XL. Mathematics is regarded as a science in which nothing is assumed that cannot be derived in the most distinct way from the primary principles of our knowledge. Nevertheless, there have been people far above average who have believed to have found great problems in mathematics, whose solutions are impossible; by this they imagined themselves to have deprived this science of all its certainty. Indeed, this reasoning that they propose is so deceptively attractive that much effort and insight is required to refute them precisely. However, mathematics is not lessened in the eyes of sensible people, even when it does not clear up these problems entirely. So then what right do freethinkers unwaveringly think they have to reject the Holy Scripture because of a few nuisances which mostly are not nearly as considerable as the ones in mathematics?
XLI. In mathematics, one also encounters rigorously demonstrated propositions that, when not examined with the highest degree of attention, seem to contradict one another. I could produce several examples here if their complexity did not require a deeper knowledge of mathematics than I suppose most readers to have. But I can at least say with assurance that these apparent contradictions are much more significant than those that are supposedly found in the Holy Scripture. Despite this, no one suggests dismissing the certainty of mathematics. This doubt does not even exist in those who do not have the capacity required to refute these contradictions and to demonstrate that they do not hold.
Euler, A Defense of the Revelation Against the Objections of Freethinkers.

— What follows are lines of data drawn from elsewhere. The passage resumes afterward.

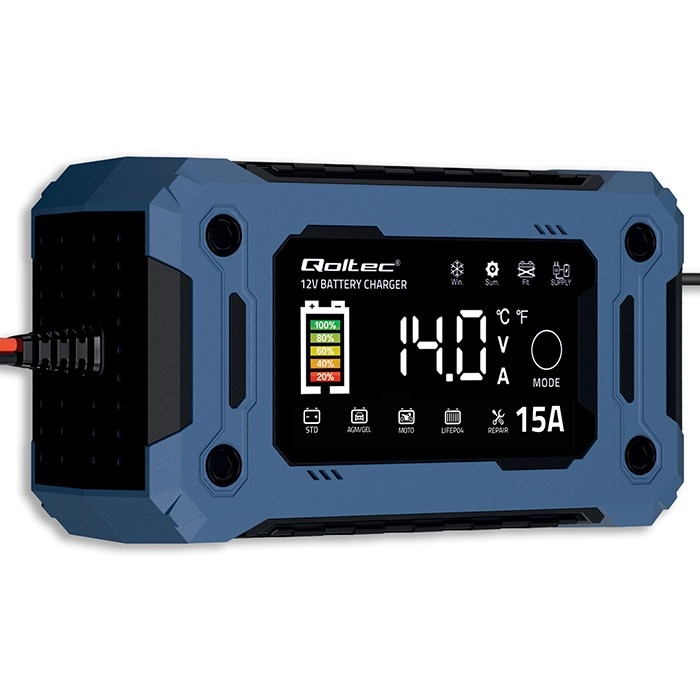 Prelungiți durata de viață a bateriei cu încărcătorul inteligent controlat de microprocesor. Recunoaște automat tipul de acumulator, adaptează curba de încărcare și, după încărcarea completă, trece în mod de întreținere, astfel încât nu există risc de supraîncărcare. Marele ecran LCD afișează tensiunea, curentul, starea încărcării și modul selectat, iar butonul tactil MODE simplifică operarea.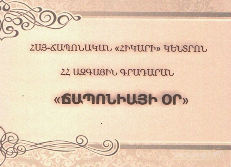 Հրավիրում են ներկա գտնվել «Ճապոնիայի օր» մշակութային ծրագրին, որը տեղի կունենա նոյեմբերի 22-ին ժամը 14:30-ին Հայաստանի Ազգային գրադարանում: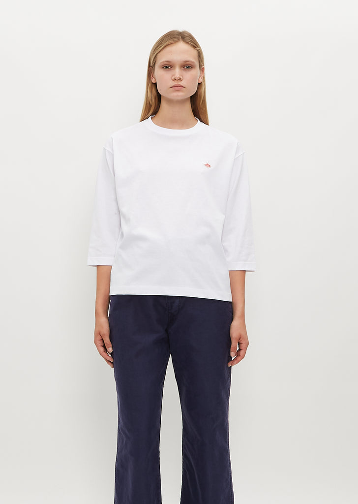 Danton black and white stripped crewneck t-shirt in a soft cotton blend knit. Features a contrast neckline and 3/4 sleeves.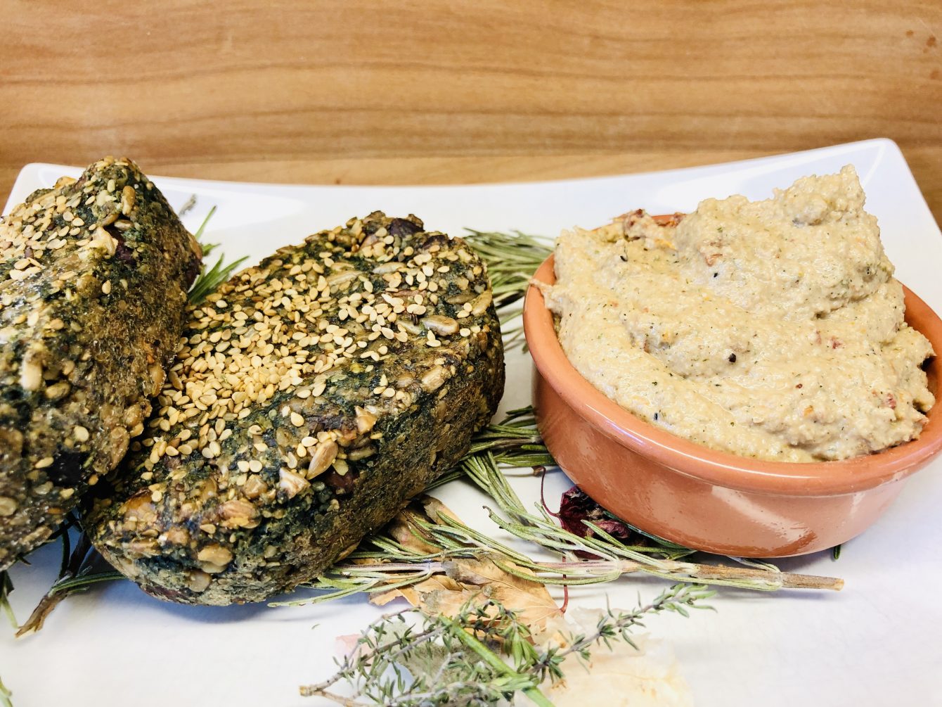 Die Zutaten sind Hanfsamen, eingeweichte Sonnenblumenkerne, etwas Cashew- oder Mandelmus, etwas Miso oder Hefeflocken, etwas Essig und Ahornsirup, eingeweichte, getrocknete Tomaten und Kräuter nach Wahl. Dann alles in den Mixer und fertig ist der leckere Dip.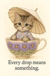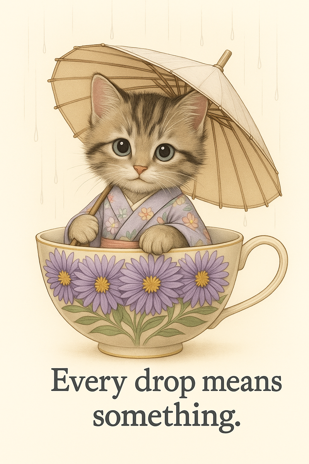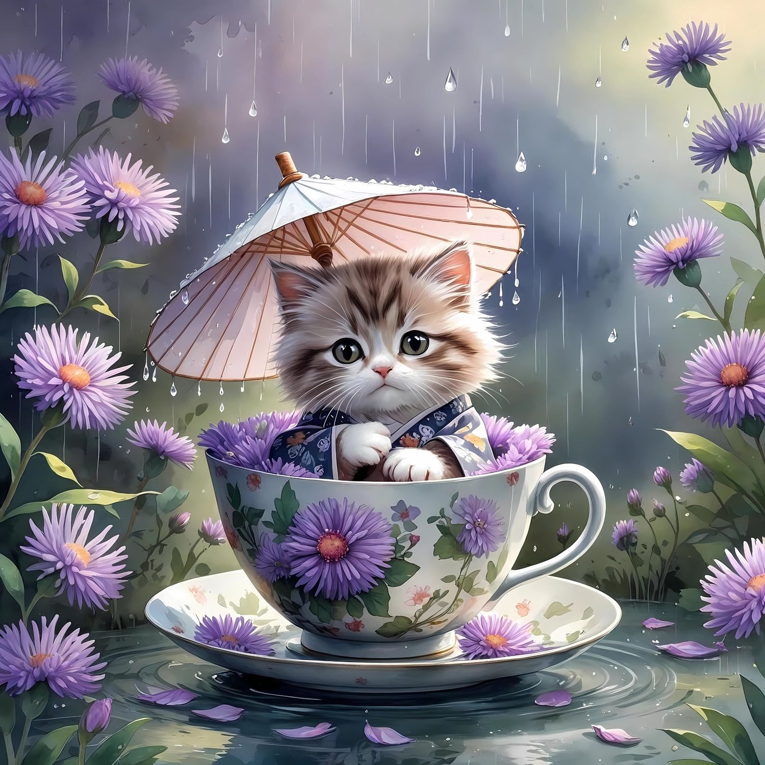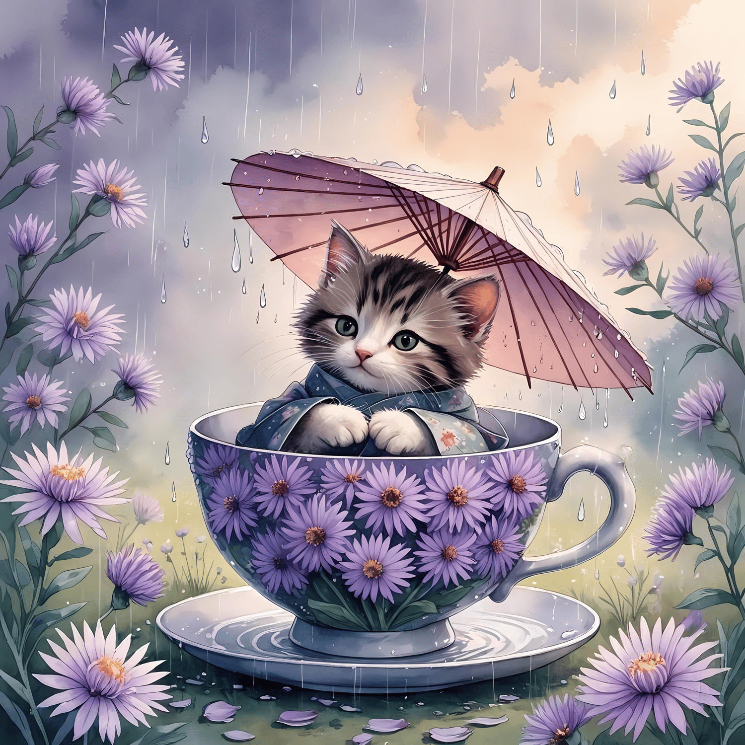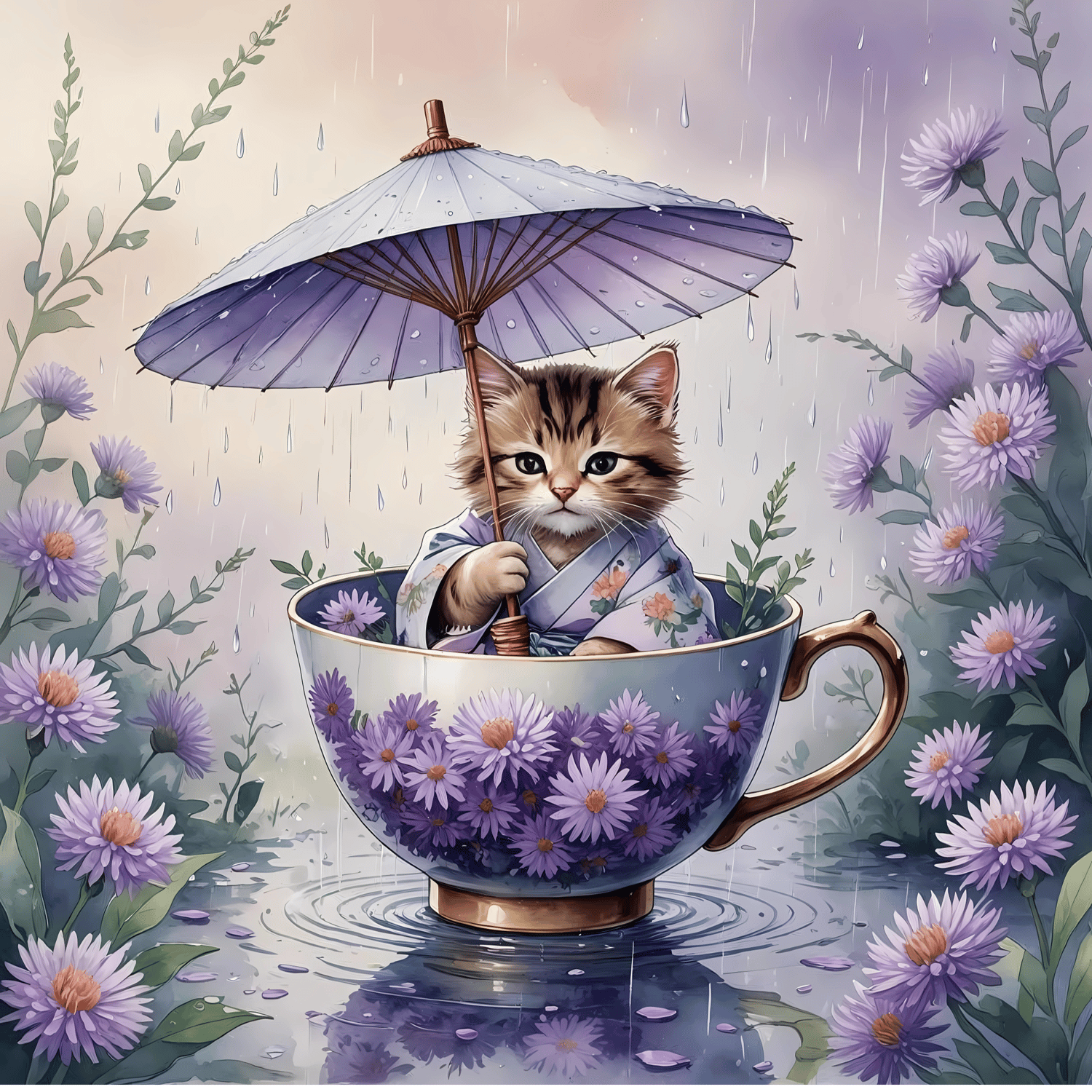 Celebrate the delicate beauty of September with this cozy, watercolor-style digital illustration featuring the birth flower of the month – the Aster. Nestled inside a teacup adorned with purple blooms, a gentle kitten in a soft floral kimono sits quietly beneath a paper parasol as raindrops fall like whispered thoughts. A serene piece filled with charm, calm, and a hint of introspection – perfect for journaling pages, art collectors, or seasonal décor lovers.
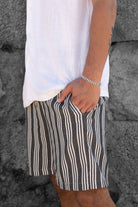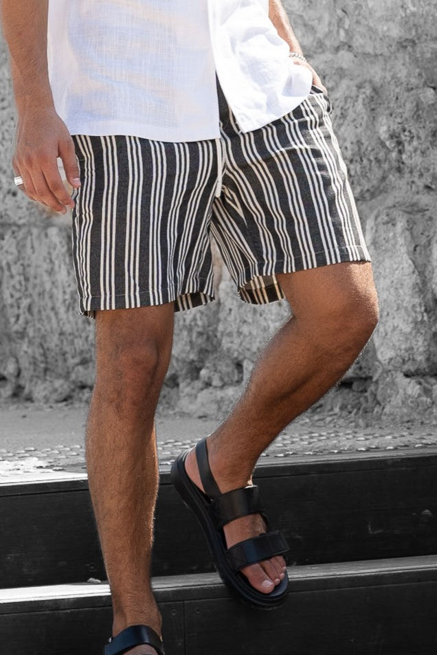 מכנס קצר עם הדפס פסים אופנתי עם שרוך מתכוונן למתן התאמה מושלמת.
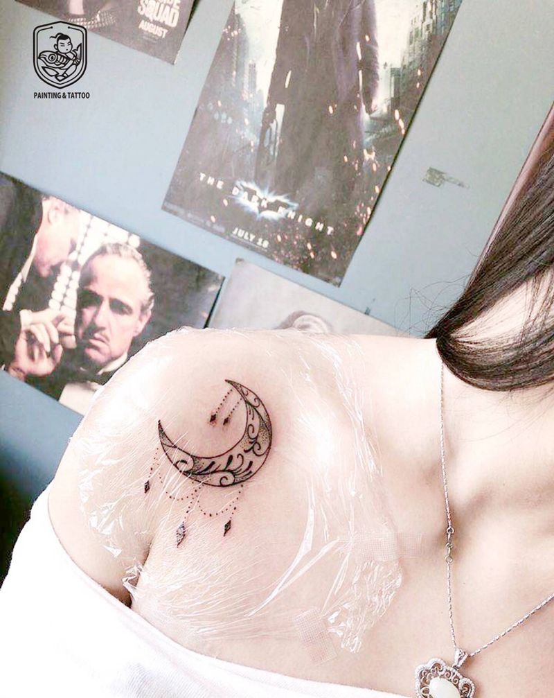 月亮纹身图片_肩部点刺几何月亮纹身图案

Soame Jenyns on the Rationale of Difficult Revelation
MY second Proposition is not so simple, but, I think, not less undeniable than the former, and is this, that from this book may be extracted a system of religion intirely new, both with regard to the object and the doctrines, not only infinitely superior to, but totally unlike, every thing which had ever before entered into the mind of man; I say extracted, because all the doctrines of this religion having been delivered at various times, and on various occasions, and here only historically recorded, no uniform or regular system oftheology is here to be found; and better perhaps it had been, if less labour had been employed by the learned, to bend and twist these divine materials into the polished forms of human systems, to which they never will submit, and for which they were never intended by their great author. Why he chose not to leave any such behind him we know not, but it might possibly be, because he knew, that the imperfection of man was incapable of receiving such a system, and that we are more properly and more safely conducted by the distant and scattered rays, than by the too powerful sunshine of Divine illumination; “If I have told you earthly things,” says he, “and ye believe not, how shall ye believe, if I tell you of heavenly things?”1 that is, if my instructions, concerning your behaviour in the present, as relative to a future life, are so difficult to be understood, that you can scarcely believe me, how than you believe, if I endeavoured to explain to you the nature of celestial beings, the designs of Providence, and the mysteries of his dispensations; subjects which you have neither ideas to comprehend, nor language to express? Jenyns, A View of the Internal Evidence of the Christian Religion.
Conclusion
Of course the Bible has weird stuff it is authored by human beings and it is allegedly inspired by the God who made the whole weird cosmos. Every religious, historical, fictional, scientific, and mathematical masterpiece has weird stuff in it because nature is weird, people are weird, and apparently God is weird.